Tom Murphy is one of the representatives of big pharma. His employer, $72-billion-sales AmerisourceBergen, provides drug distribution and related services. Before joining AmerisourceBergen in 2004, Murphy was in the hospitality industry, most recently as CIO at Royal Caribbean Cruises, where he retooled the company’s warehousing, logistics, contract management and other systems. A graduate of the University of Richmond, Murphy was named to ComputerWorld's Premier 100 list in 2002.

 

Another drug company CIO is Tom Flanagan of $14.6-billion Amgen. Before joining the biotech firm in 2004, Flanagan spent eight years at telecom titan MCI. He’s been CIO at Amgen since 2006, beginning as the executive heading up Amgen's Global ERP program. Before joining MCI, he was a career Navy officer. He has degrees from the U.S. Naval Academy, MIT, and Harvard University. At Amgen, Flanagan has overseen consolidating worldwide ERP systems and redesigning work processes to improve scientist collaboration using universal communications, desktop video conferencing and enterprise search.

 

Filippo Passerini has the title of president of global business services in addition to being chief information officer at Procter & Gamble. With  9 billion in annual revenue and a history dating back to 1837, P&G is the largest and oldest of the companies hosting a new member of the CIO Hall of Fame. Passerini has spent his entire career at P&G, starting in 1981 as a systems analyst. He was named CIO in 2004. Passerini, a native of Italy, has a doctorate in statistics and operating research from the University of Rome. Among his accomplishments at P&G is a 2008 rollout of a 43-country Cisco video conferencing network.

 

The sole government CIO is Brent Stacey of Idaho National Laboratory. The Department of Energy nuclear research organization was created in 2005 from Argonne National Laboratory West, where Stacey had previously worked as an IT leader.
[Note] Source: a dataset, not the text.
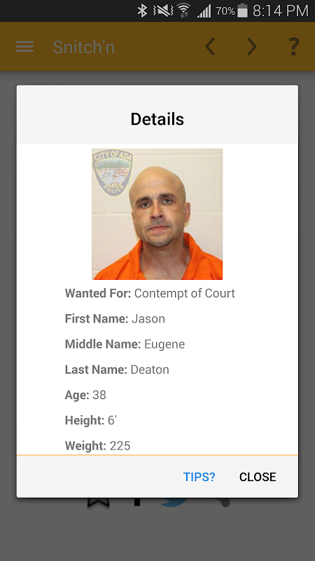 Snitch'n lets you browse police images of wanted criminals, suspects, associates, missing persons, and more. Think you recognize someone? You can share on social media or send a tip to law enforcement.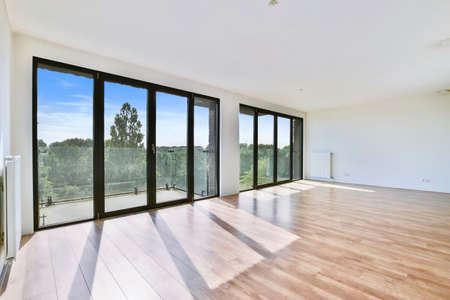 Interior of empty white room with large balcony windows and wooden parquet floor

Stacey was recognized as Idaho's Information Technology Executive of the Year in 2002 for his leadership. He’d previously founded SRV.net, an Internet service provider. His work at Idaho National Laboratory supports transforming the one-time clean-up and environmental facility into a research and development institution. His group has, among other things, built a high-performance supercomputer capability for modeling and simulation of nuclear reactors.